Пожилой капитан размахнулся со всего плеча и залепил такую оплеуху Коху, что тот покачнулся и упал на одно колено, схватившись рукой за щеку.

— Это тебе за негодяя, сопляк! А это, — ударил он с другой стороны, — тебе для науки, чтобы знал, как разговаривать с людьми.

Капитан пошел мерным шагом к своим солдатам, которые с любопытством наблюдали за всей дискуссией.
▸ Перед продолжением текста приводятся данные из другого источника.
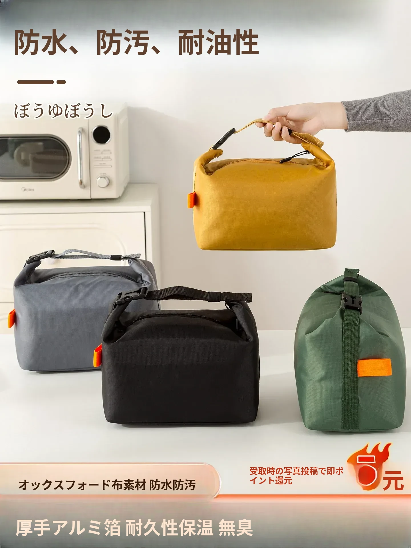 日本スタイルのランチバッグ - 持ち運び便利で保温効果抜群!大容量で学生や働く人に最適な弁当箱バッグ。おしゃれで実用的、ランチタイムをもっと楽しく!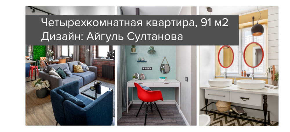 «Был жесткий запрет на использование обоев, — улыбается Айгуль, — на стенах допускалась только краска и декоративная штукатурка. Зато любимых цветов было много, но они должны были быть сложными и ненавязчивыми. В результате мы получили светлые стены, открытый кирпич, черные светильники и немного бетона и все это разбавили жизнерадостными цветовыми сочетаниями. ЗD-визуализацию утвердили с первого раза, это было стопроцентное попадание!»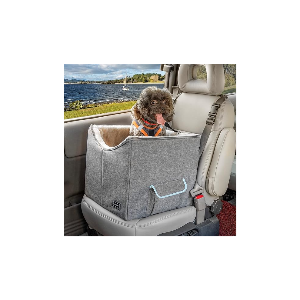 Vivifying Small Dog car seat, Dog Booster Seat Memory Foam, Elevated, Washable, Front/Rear Use Under 10KG(Grey)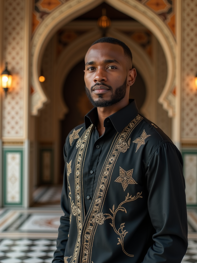 a stunning model in contemporary modest fashion with traditional touches, capturing their serene look against a backdrop of Islamic geometric patterns and Ramadan decorations
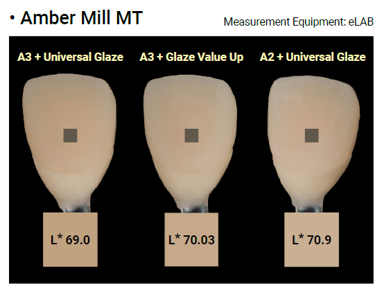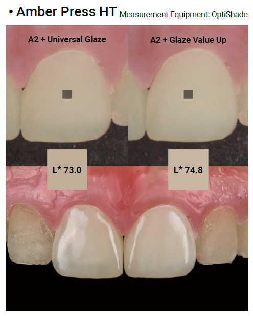 Restorations with high saturation or low brightness can be adjusted to the target shade.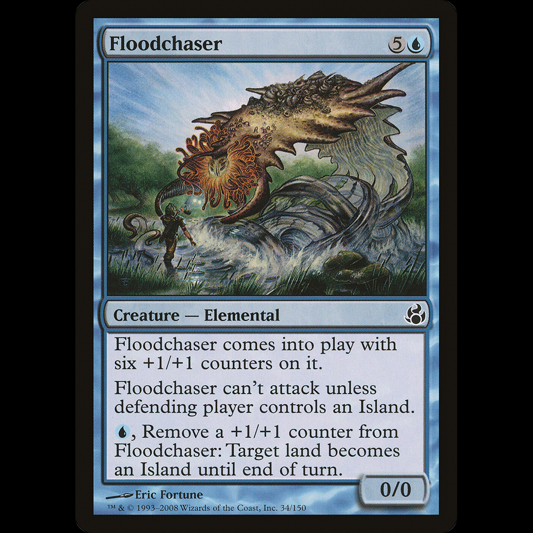 , Remove a +1/+1 counter from Floodchaser: Target land becomes an Island until end of turn.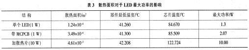 表3為3種不同散熱方式對(duì)LED的溫度分布、最大功率的影響??梢钥闯觯黾由崦娣e是很好的散熱方式,可以輕易地提高LED器件散熱能力,這是目前LED產(chǎn)品所普遍使用的散熱方式之一。然而缺點(diǎn)也很明顯:影響成本、增加產(chǎn)品重量、影響封裝密度。無(wú)限度地提高LED散熱片面積顯然不現(xiàn)實(shí),因此一般使用1.5inch2散熱片提升LED產(chǎn)品最大功率至10W左右,出于成本等因素就不能繼續(xù)提高。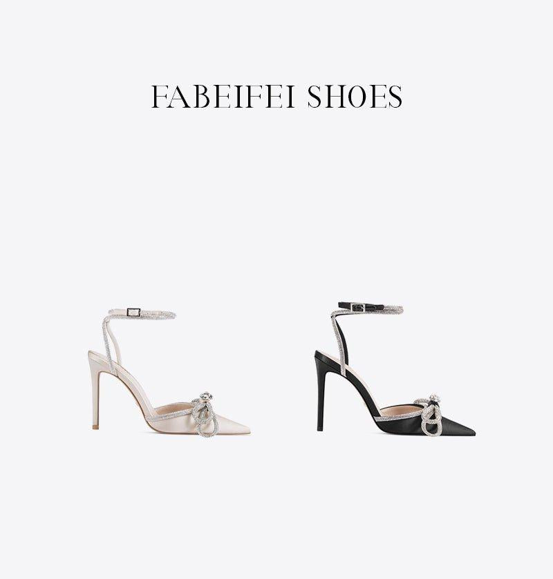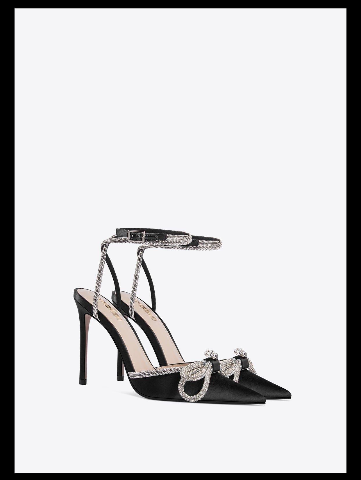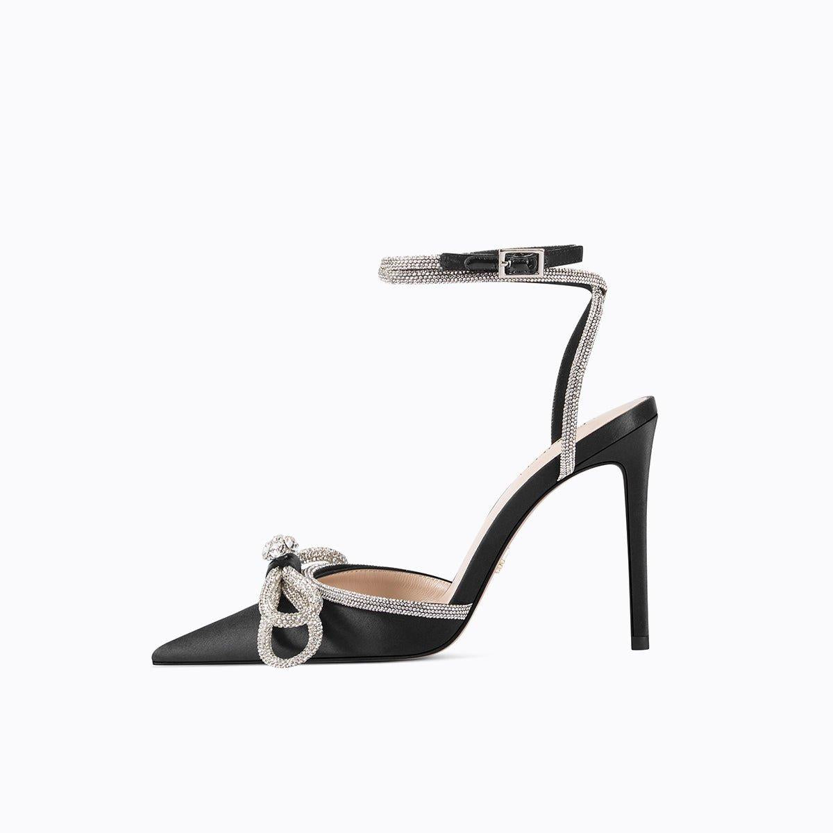 Black pointed toe rhinestone bow stiletto high heel buckle strap - Trriu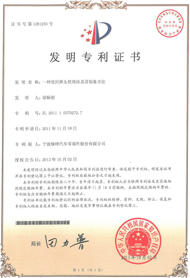 公司与一汽-大众同步研发睡眠头枕,并实现量产,该项目成为公司当年销售额过亿的最大项目;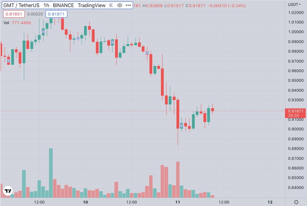 GMT 幣價則在公告後,5 小時內大跌至本月低點 0.884 美元, 最深跌幅達 9.5%,截稿前略有回溫,報 0.919 美元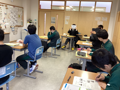 社会科の授業では毎年選挙についての勉強をしています。選挙公約の見方や実際の投票の仕方など、生徒同士の対話を通して学ぶことができました。

Шатаясь, Кох поднялся и, бледный, с перекошенным от бешенства лицом, хватаясь негнущимися на морозе пальцами за кобуру, бросился вслед за капитаном:

— Жандармы, полиция, огонь!

Но некоторые полицаи бросились кто куда. Жители деревни рассыпались по улицам. Кто-то крикнул двум осужденным:

— Родненькие, бегите, спасайтесь!

Пленные смешались с толпой, никто их не задержал.

Кох уже догонял капитана, когда два станковых пулемета пехотинцев, нацеленные на эсэсовцев, дали по длинной басовитой очереди в воздух.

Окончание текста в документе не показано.